“Tin can on a shingle,” some Union soldiers would say upon seeing Monitor; “Cheesebox on a raft,” quipped other Yankees. Both are fine descriptions with a homespun American flavor and culinary twist that work well and conjure up an apt image for John Ericsson’s vessel. But boxes and tin cans were far too rustic references for a Frenchman accustomed to the refined foodstuffs of Paris bistros.
“Everybody knows,” wrote Francois-Ferdinand-Philippe-Louis-Marie d’Orléans, who mercifully is most often referred to by his succinct title, the Prince de Joinville, “the cylindrical Savoy biscuit covered with chocolate paste, an ornament of every pastry cook’s shop. Imagine one of those biscuits placed on an oblong plate and you will have an exact idea of the appearance of the Monitor.” It seems de Joinville had dessert on his mind that day.
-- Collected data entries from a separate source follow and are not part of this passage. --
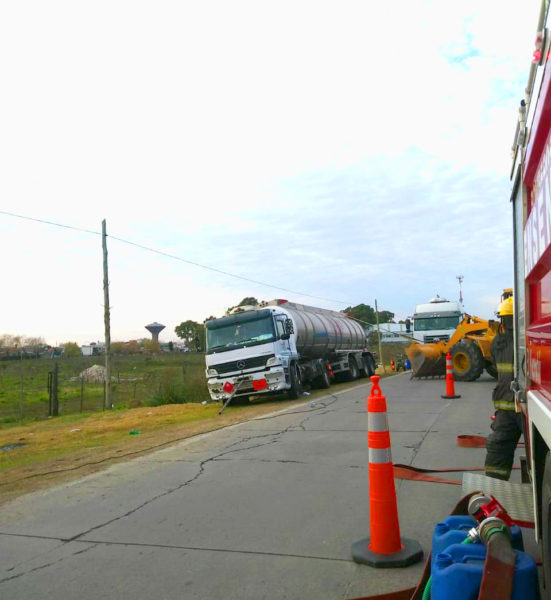 Cerca de media mañana de este jueves se montó un mega operativo con otro camión puesto a la par para trasvasar de un tanque a otro de los camiones este nocivo producto, con el montaje de los elementos de seguridad necesarios. El despliegue incluye maquinaria municipal, camiones de bomberos y personal de la empresa ZHP; además innumerables elementos reglamentarios en una situación así.
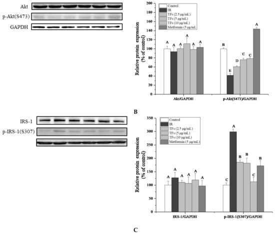 TFs’ activities on membrane bound GLUT4 and phosphor-IRS-1 (Ser307) were stronger than that of metformin. These results indicated that TFs might improve the glucose uptake and insulin sensitivity of PA-induced HepG2 cells through IRS-1/Akt/GLUT4 pathway.
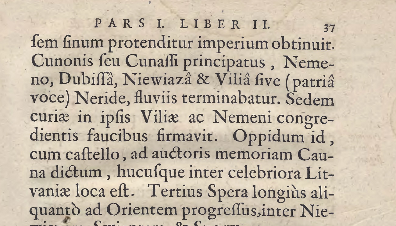 По малых часЂх умре брат его, которыи мешкал на Юрборку, не имЂючи дЂтеи, и брат его Кунос возмет и тую часть брата своего Борка и город Юрборк, и в тои части его будет пановати. И онои княжа Кунос имЂл двух сынов, одного Кернуса, a другаго Кгинбутья. И пануючи ему в земли Жомоитскои, почал ся множити и разширяти и выходити на реку Велию, в землю Завелскую. И прошедши рЂку Светую. вышел и нашел мЂстцо велми хорошо, и сподобалося ему то мЂстцо велми, и он там поселил сына своего Кернуса, и назвалося то мЂстцо по Керну\л.17.\се Керново, a потом Кунос умре. И по нем почнет сын его Кернус пановати на всеи земли Завелскои по границу Латыгонъскую и по Завелскии Браславль, аже по реку Двину. A брат его Кгинбут на Юрборку и на Куносове, и на всеи земли Жомоитскои. A в тот час, гдЂ Кернус пановал на Завелскои сторонЂ, людие тыи его, што за Велею осЂли, игрывали на трубах дубасных, и прозвал тот Кернус берег своим языком власным, по-латыне, литус, гдЂ ся люди его множат, a трубы, што на них играют, туба. И дал имя тым людем своим \л.17об.\ языком по-латыне, сложивше берег c тробою Г: Литусба. И простыи люди не велели Д звати по-латыне и почали звати просто Литвою, и от того часу почалося звати панство Литовское и множити от Жомоити
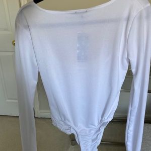 Brand new Boohoo ruched white long sleeve bodysuit in a size USA 12/UK 16. It has never been worn and has original the original tag attached.

The prince, an admiral in the French navy and a veteran of numerous European conflicts, came to the United States in 1861 with his son and two nephews to offer his services to the Union Army. They took part in George McClellan’s 1862 Peninsula campaign, and de Joinville recorded some of the sites in a watercolor sketchbook that was printed in English in 1964, in time for the Civil War Centennial, as A Civil War Album of Paintings by the Prince de Joinville.
The watercolors are quite good, and include the view of Monitor presented here. It’s an important illustration because, despite all the fantastic photos and artifacts we have related to the noteworthy vessel, wartime profile views of the craft are rare.
Film footage does exist of another single-turret Monitor, USS Canonicus, puttering along at the 1907 Jamestown Naval Exhibition, an opportunity for the U.S. Navy to show off Teddy Roosevelt’s “Great White Fleet.” Built in 1863, the ironclad was at the end of its life and certainly seemed an anomaly among its modern comrades. Sharp observers, however, would have realized that the metal hulls and swiveling gun turrets of Roosevelt’s fleet could be traced to Canonicus and its ilk.
That rare footage is available commercially on Echoes of the Blue and Gray, Volume I, put out by Belle Grove Publications. It’s fascinating to watch the choppy film and imagine what it must have been like to see such a strange little craft for the first time. Some might even say it looks like a pastry on a plate.